Our biological institutes are active in applied research programs. For one, ICG has a record of about 40 patented and zonal strains and hybrids of plants. It has obtained new breeds of sheep, color breeds of foxes and minks. We have come up with an array of new medicinal preparations as well as effective and ecologically pure plant growth stimulants; and we have developed diagnostic systems, models of human pathologies and many other useful things. This list can be expanded by works done by other research institutes - soil maps, plant and animal kingdom atlases, forest utilization technologies, and so forth.

 

And yet our applied results are often not called for. Scientists are not to blame for that-the point is that we have no clear-cut pattern of product placement. That is why biological institutes have concentrated most of their effort on basic research. This is a correct strategy because major problem solving in what we have called challenges of the twenty-first century hinges on a sum total of knowledge on the evolution of living systems.

 

And now last but not least - the research personnel problem.
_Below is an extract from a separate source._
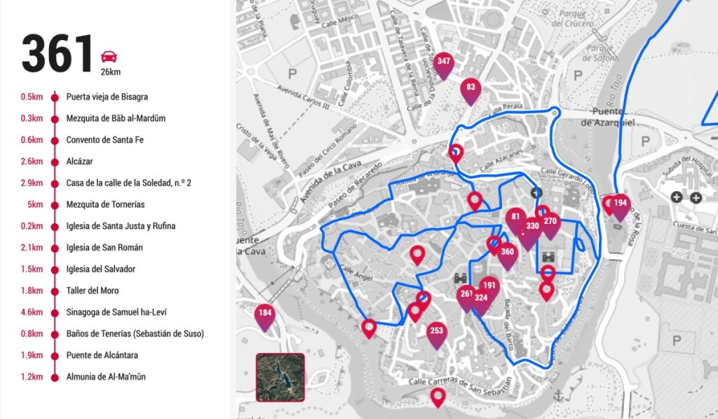 Una de las rutas de caminos de Al-Ándalus es ‘La Medina de Tulaytula’, que recorre tan solo 26 kilómetros, permitiendo disfrutar de gran parte del casco histórico de Toledo empezando desde Puerta Vieja de Bisagra hasta Almunia de Al-Ma’mun, pasando por la Mezquitas de Tornerías, la Iglesia de Santa Justa y Rufina, Alcázar, la Iglesia de San Román y la del Salvador, entre otros. Una ruta perfecta para aquellos que buscan explorar la huella andalusí en Toledo.

Such personnel is coached mainly at Novosibirsk State University, and also at the Universities of Tomsk, Krasnoyarsk and Irkutsk, and at other senior colleges, too. This system of education works best at Novosibirsk, where education and science are integrated optimally. If you take our ICG, it is a base for departments of cytology and genetics, physiology and bioinformation science. Fourth-and fifth-year college students prepare their graduation papers at our laboratories. Thus we have a good chance of choosing the best for a graduate course. We hope they will carry on our work in committed involvement and bend every effort in protecting Siberia's huge biological resources with the aid of scientific know-how.